Current Load: Champaign, IL to Union City, GA. 600 miles. Weight- 78460.

What a day! I woke up at 0700 as usual. Couldn't sleep anymore. I woke up with a lot of snow all over my truck and my mirrors completely covered in snow. Haven't had that in a while. My appointment time for preloaded trailer is at 0900. I call the shipping office immediately and ask for a status update on my trailer. No surprise, I'm told they don't have any empties to load my freight onto. I call back at my appointment time and they just put a trailer on the door but haven't started. I call back at 1030 and they're still working on loading my trailer and it should be a few more hours. I call back at 1130 and the trailer is loaded!

Off we go!

9 minute pretrip inspection followed by some hot rooibos tea to start the day. I get to the shipper and all is well. I drop my trailer and park to call the shipping office about my preloaded trailer. I get the trailer number and find it. All the way in the back cramped up against other trailers. This is going to be difficult to get out. Gotta love the Kraft in Champaign IL... I read my BoL and the temperature on the BoL states to maintain at 95 degrees. Common sense tells me this is a dry load, but I don't trust shippers. So I send a message over the Qualcomm letting them know that the temp on BoL says 95. Just to cover my back, my dispatcher understood and all is good. Just playing it safe! The BoL also says that the load weighs 43,700. Not good. I'm usually at maximum with that weight and this shipper has a tendency to overload the trailer tandems.

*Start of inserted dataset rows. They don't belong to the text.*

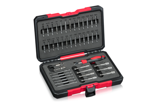Hyls- och bitssats i 42 delar med hylsor, bits och tillbehör för olika sorters skruvhuvuden och muttrar.
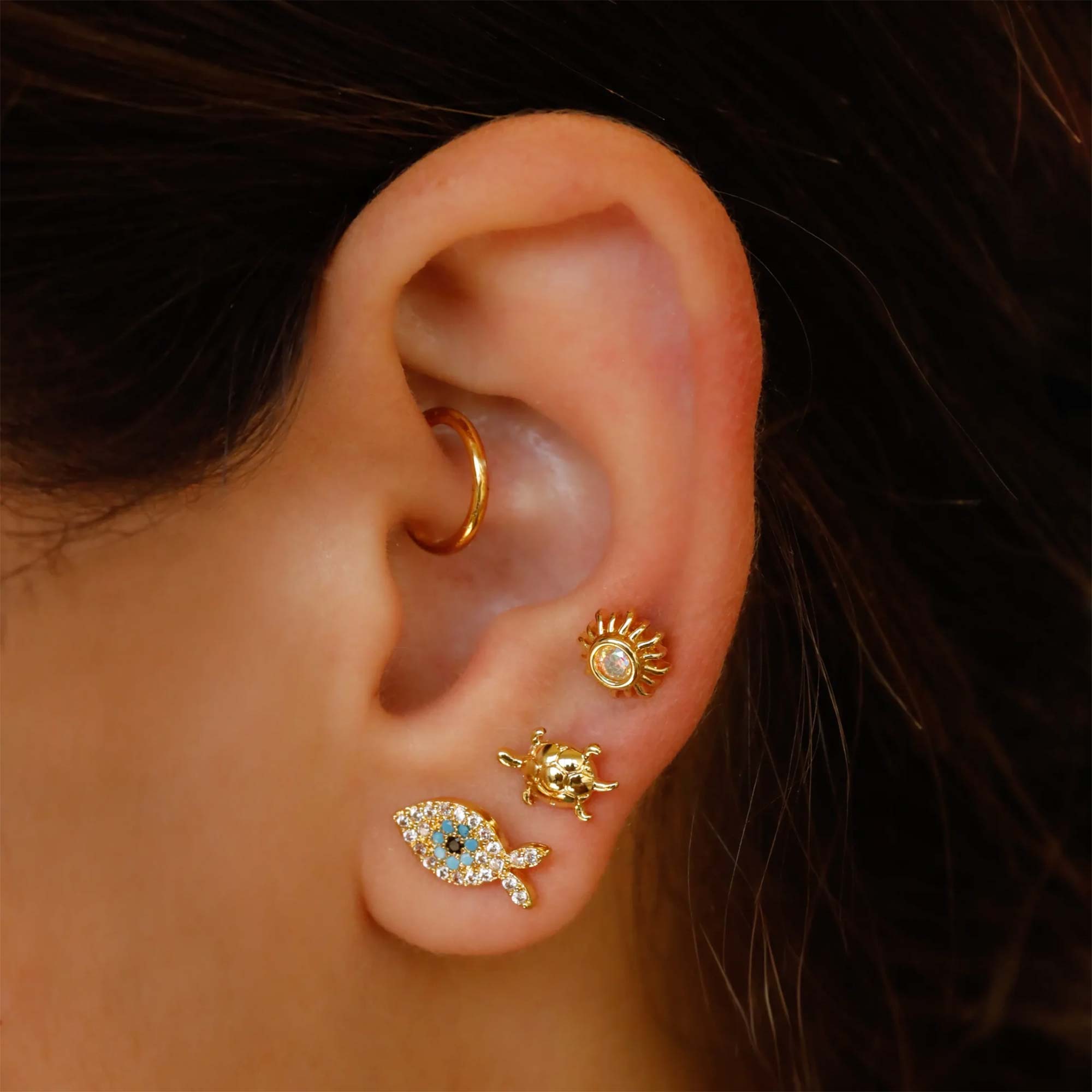 Piercing compuesto por un adorno frontal con forma de sol, con un disco central rodeado de rayos texturizados. En el centro de este diseño hay una circonita redonda.
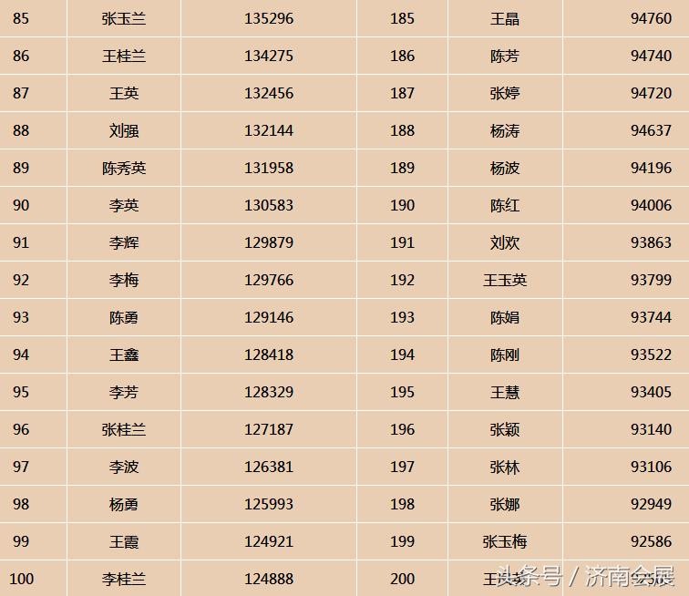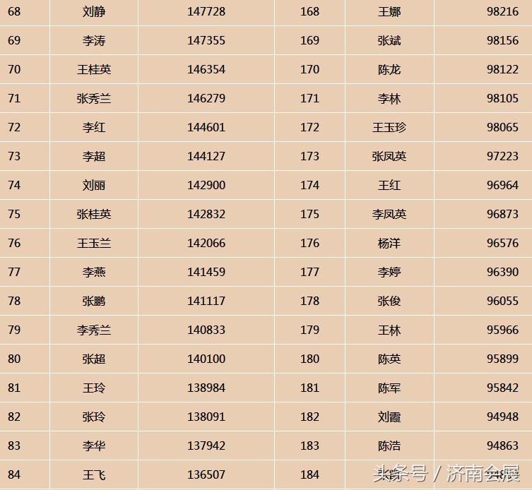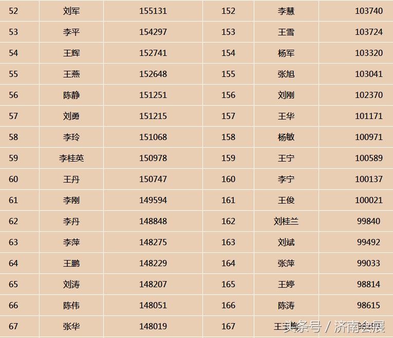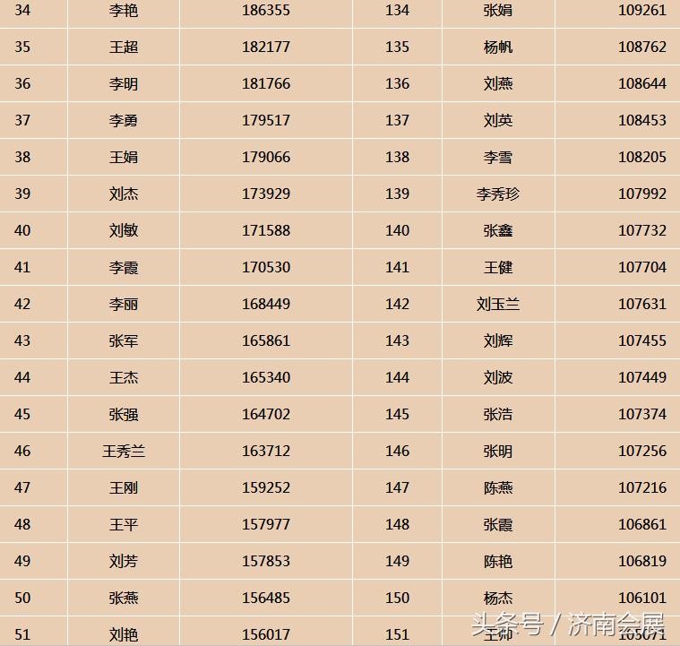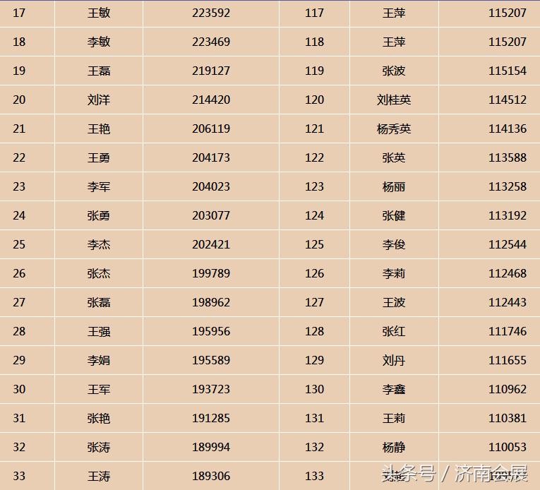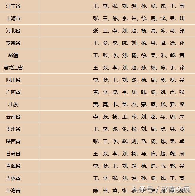 1:李2:王3:张4:刘5:陈6:杨7:赵8:黄9:周10:吴11:徐12:孙13:胡14:朱15:高16:林17:何18:郭19:马20:罗21:梁22:宋23:郑24:谢25:韩26:唐27:冯28:于29:董30:萧31:程32:曹33:袁34:邓35:许36:傅37:沈38:曾39:彭40:吕41:苏42:卢43:蒋44:蔡45:贾46:丁47:魏48:薛49:叶50:阎51:余52:潘53:杜54:戴55:夏56:钟57:汪58:田59:任60:姜61:范62:方63:石64:姚65:谭66:廖67:邹68:熊69:金70:陆71:郝72:孔73:白74:崔75:康76:毛77:邱78:秦79:江80:史81:顾82:侯83:邵84:孟85:龙86:万87:段88:漕89:钱90:汤91:尹92:黎93:易94:常95:武96:乔97:贺98:赖99:龚100:文

Now the tricky part of getting it out. I don't just turn and try to get out. Won't work I can tell. Instead I go forward and then back it up towards the building to make my turn easier and so it won't hit the other trailer as I'm getting out. I do this about 4 times and I feel good about it now. So I go forward and make a sharp right and go as close to the trailer with my hood as possible, then back up to angle myself and then make a sharp right and I'm good to go!

I look at my kingpin setting rule for each state. I'm going through IL, KY, TN, GA. And TN has the lowest of 41' so I set my tandems at the 41' mark and head for the CAT scale. I scale myself out and as predicted, I'm overweight on my trailer tandems by 300. I'm in no mood to sit all day while they fix it. So I move it two holes and drive out with my trailer tandems being at roughly 33600 and 42' from the kingpin. Ill be driving through TN at night so I doubt they'll notice.

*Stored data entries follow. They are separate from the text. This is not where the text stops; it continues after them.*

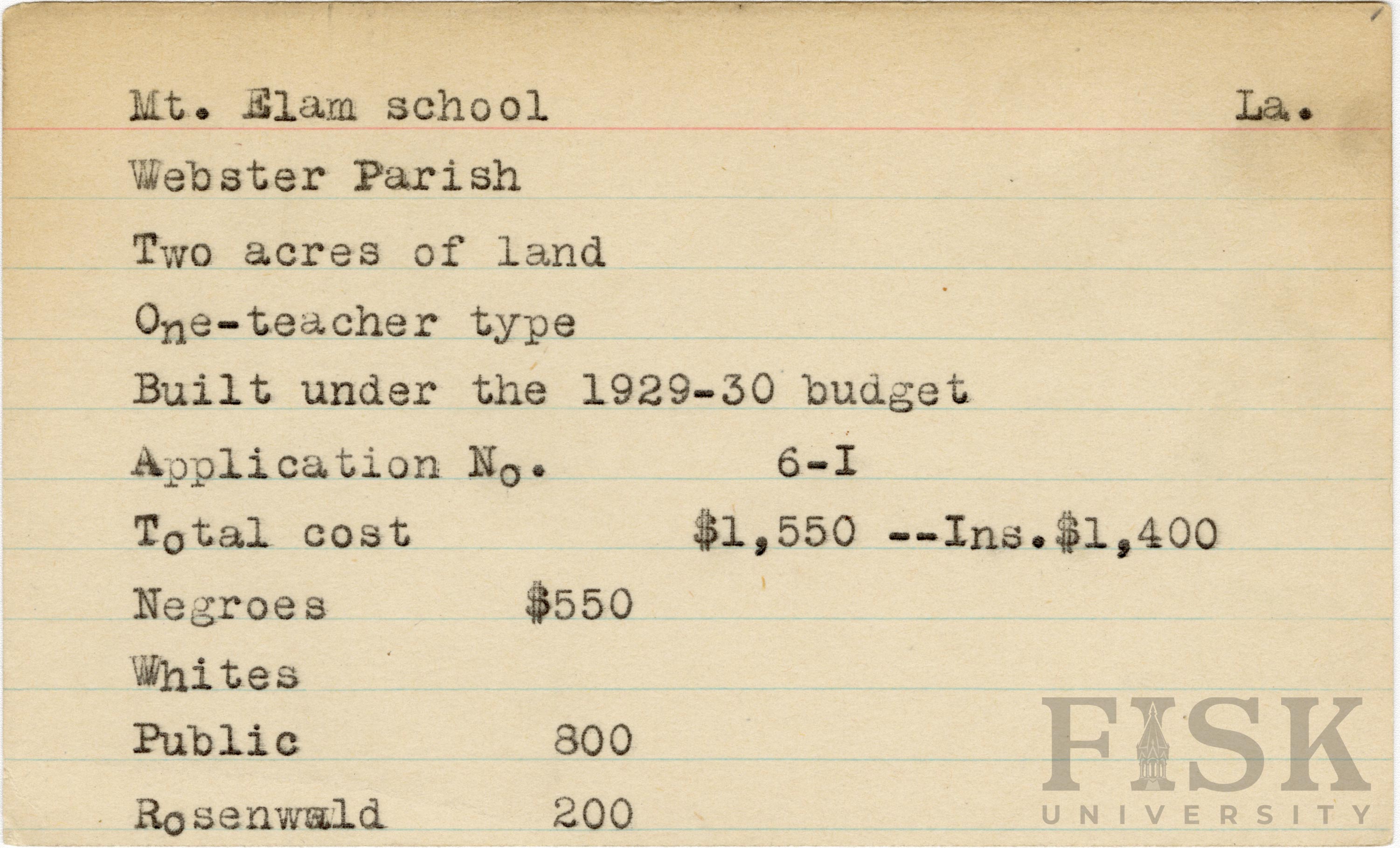 School card from the Rosenwald Fund for Mt. Elam School in Webster Parish, Louisiana with a section added to the budget contributions that says, "Ins. $1,400"
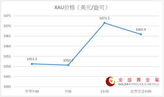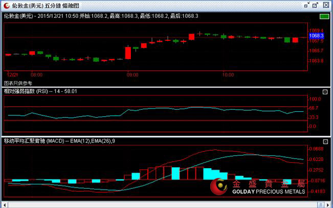 现货黄金周五(12月18日07:00am)开于1051.3美元/盎司,收于(12月19日04:00am)1065.9美元/盎司,最高(12月18日23:10)触及1071.5美元/盎司,最低(12月18日07:05)下探至1050.7美元/盎司。总体上涨14.6美元,涨幅1.38%。
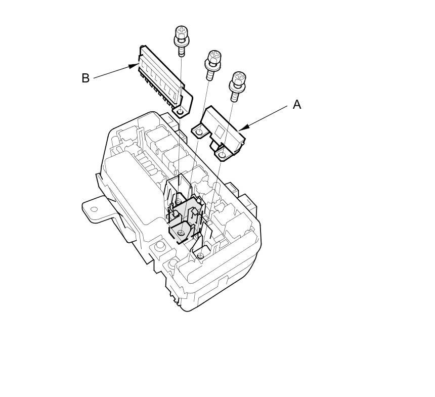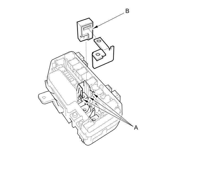 1. Remove the under-hood fuse/relay box Under-Hood Fuse/Relay Box Removal and Installation.
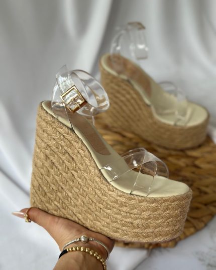 Sandalia plataforma con fajas cruzadas delanteras transparentes y con faja trasera transparente
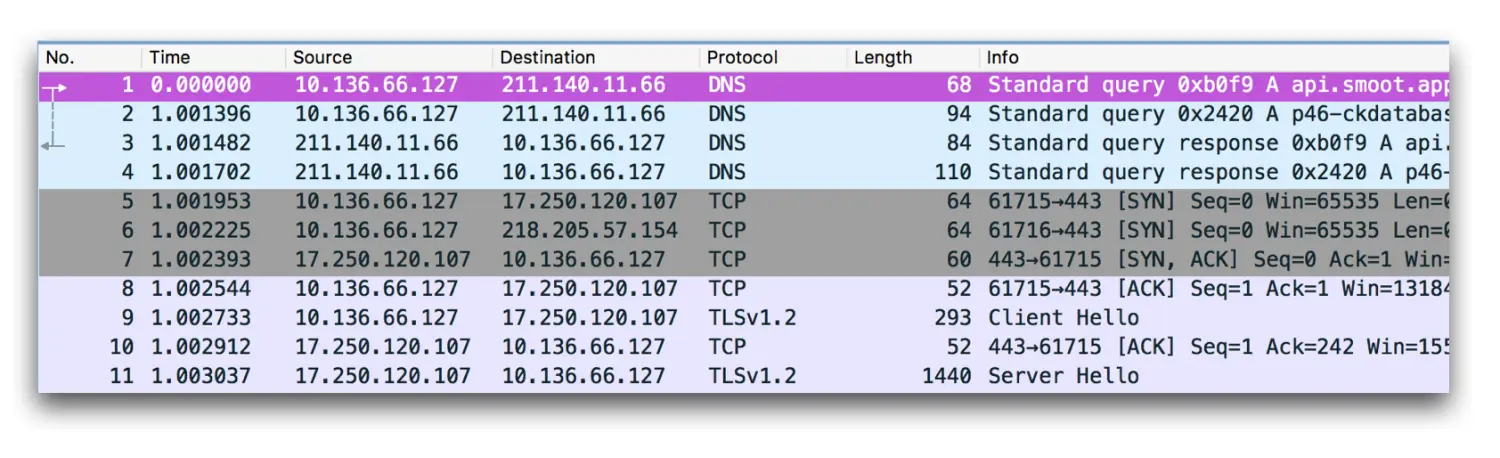 介绍完使用方式再来实际分析下HTTPS的流量。下图是我使用Wireshark在iPhone上抓包知乎App网络请求的结果:

I drive 3 hours nonstop to my fuel stop and spend 7 minutes to top everything off. Then tradegy strikes!!!

I get a message from my DM saying that he's been fired. Oh my goodness! You've got to be kidding me! I call him and leave a voicemessage. I love this guy and I really don't want to be with anyone else, not even if I was offered a raise. I finally get ahold of him as he's driving home. He tells me that some drivers complained against him that he was mistreating them. My DM has a brief history of that because he's more strict with his drivers. He tells you what you did wrong and won't hold it back. So this was the last strike. He knew me by name even though he had 68 drivers in his fleet. I thanked him sincerely for everything and for developing me into the driver that I am today. I gave him so much garbage when I was a rookie and he always told me what I did wrong. I had trouble accepting it, I think my age has something to do with that, but eventually he got through and he was always a learning experience to me. I mourn his loss and I don't think Central will be the same anymore. From that moment forward, I predicted that my loads will be junk all over again like they were in the first months.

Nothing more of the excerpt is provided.